All patients were encouraged to return to the clinic for full clinical and radiographic evaluation. Radiographs including low AP of the pelvis and AP and lateral of the femur to include the hip were obtained. If the patient was unable or unwilling to return for full clinical evaluation, local or portable radiographic evaluation was arranged. Among the patients who had died, contact was made with a surviving relative in all patients to assure that no further surgeries had occurred. Twenty-six hips (87%) had minimum 2-year radiographic followup with an average length of 5 years (range, 2–11 years). Two authors (JJC, DWH) reviewed all radiographs with interpretation reported by consensus. Acetabular components were evaluated for bone-prosthesis radiolucencies, acetabular osteolysis, and acetabular component migration according to the criteria of Massin et al. [11]. Radiographic loosening of the acetabular shell was defined as the presence of a complete radiolucent line in all three zones, cup migration, or change in cup position [4].
We compared Harris hip, WOMAC, and SF-36 scores at last followup with those of the preindex revision scores using paired t-tests.
Results
No additional revision surgeries of the acetabular construct were required in any hips. Hence, survivorship for rerevision for any reason was 100%.
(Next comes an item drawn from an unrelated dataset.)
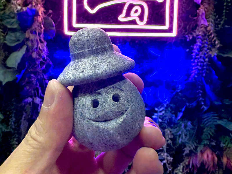 吐湯口や柱・露天風呂の壁などには、アンモナイトや星・太陽モチーフなど謎アート?オブジェ?が多数あって面白い。
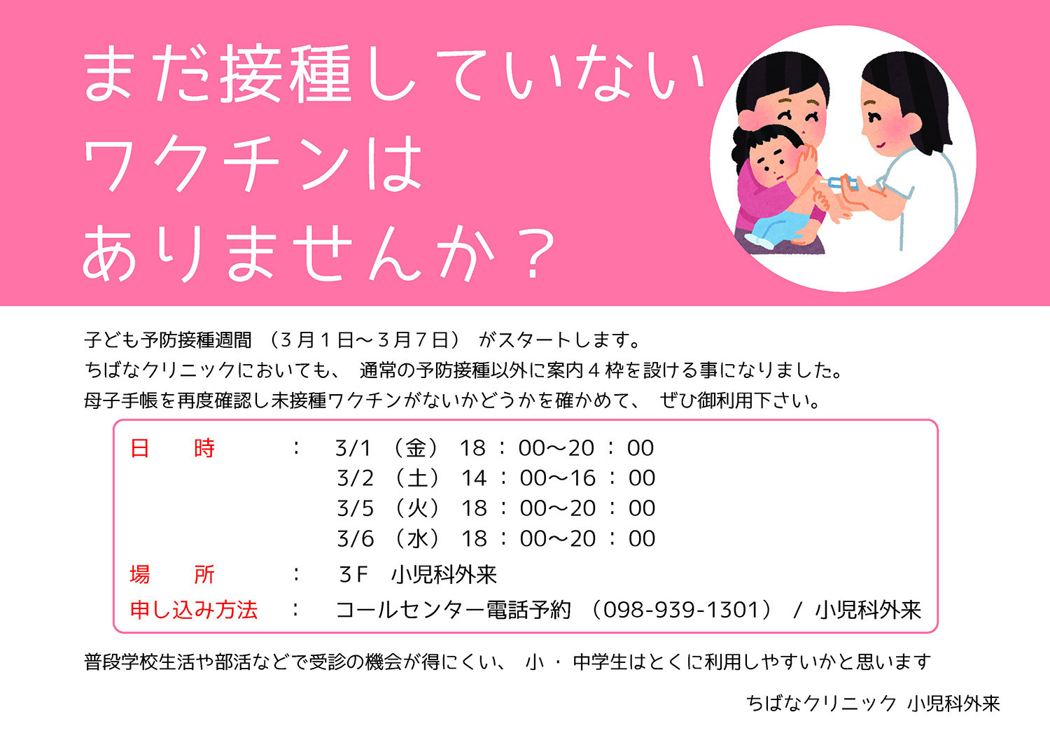 ちばなクリニックでは、この「子ども予防接種週間」に通常の予防接種枠以外に4枠を追加します。普段は学校や部活等で受診の機会が得にくい小学生・中学生に利用しやすくなっています。

At last followup, the average Harris hip score was 76.8 (range, 40.7–100), which was similar to that of the prerevision score (p = 0.18). The average WOMAC scores were 86.1 (range, 20–100) for pain, 70.7 (range, 37.5–100) for stiffness, and 76.4 (range, 29.5–100) for function. Compared with the prerevision surgery scores (Table 3), we found an improvement in the WOMAC pain (p = 0.0009) and stiffness scores (p = 0.0002). At last followup, there was an increase in both the average SF-36 physical component score of 76.8 (range, 40.7–100; p = 0.022) and the mental component score of 56.5 (range, 28.7–69.9; p = 0.011) compared with prerevision scores.
Table 3.
Clinical followup in the study cohort
| Score | Average prerevision (range) | Average final followup (range) | p value |
|---|---|---|---|
| Harris hip score | 69.9 (29–99) | 76.8 (40.7–100) | 0.18 |
| WOMAC pain | 64.8 (20–100) | 86.1 (20–100) | 0.0009* |
| WOMAC stiffness | 48.6 (0–100) | 70.7 (37.5–100) | 0.0002* |
| WOMAC function | 62.4 (7.9–100) | 76.4 (29.5–100) | 0.21 |
| SF-36 physical component score | 34.4 (15.4–55.9) | 41.1 (19.8–57.0) | 0.022* |
| SF-36 mental component score | 49.7 (27.4–64.5) | 56.5 (28.7–69.9) | 0.011* |
* Significant.
In comparison to the initial postrevision films, there were four instances of progressive acetabular radiolucencies (but the progression was minimal and all radiolucencies were 1 mm or less) seen on last followup films (Fig. 1). No shell had circumferential radiolucencies. There were no cases of acetabular component migration or progressive osteolysis. In the majority of cases in which bone graft was used (13 of 15 cases), the followup radiographs demonstrated complete or partial graft incorporation (nonrecurrence of osteolysis in the cystic areas). In the two other cases in which bone graft was used, there was some graft resorption. Additionally, one other hip (nongrafted) demonstrated pelvic osteolysis (< 1 cm2 in Zone 1) that was not present on initial postrevision radiographs.
Fig. 1.
A histogram and diagram demonstrates the number of hips (of the 26 hips with 2-year radiographic followup) and the location of radiolucent lines on the AP view of the acetabulum.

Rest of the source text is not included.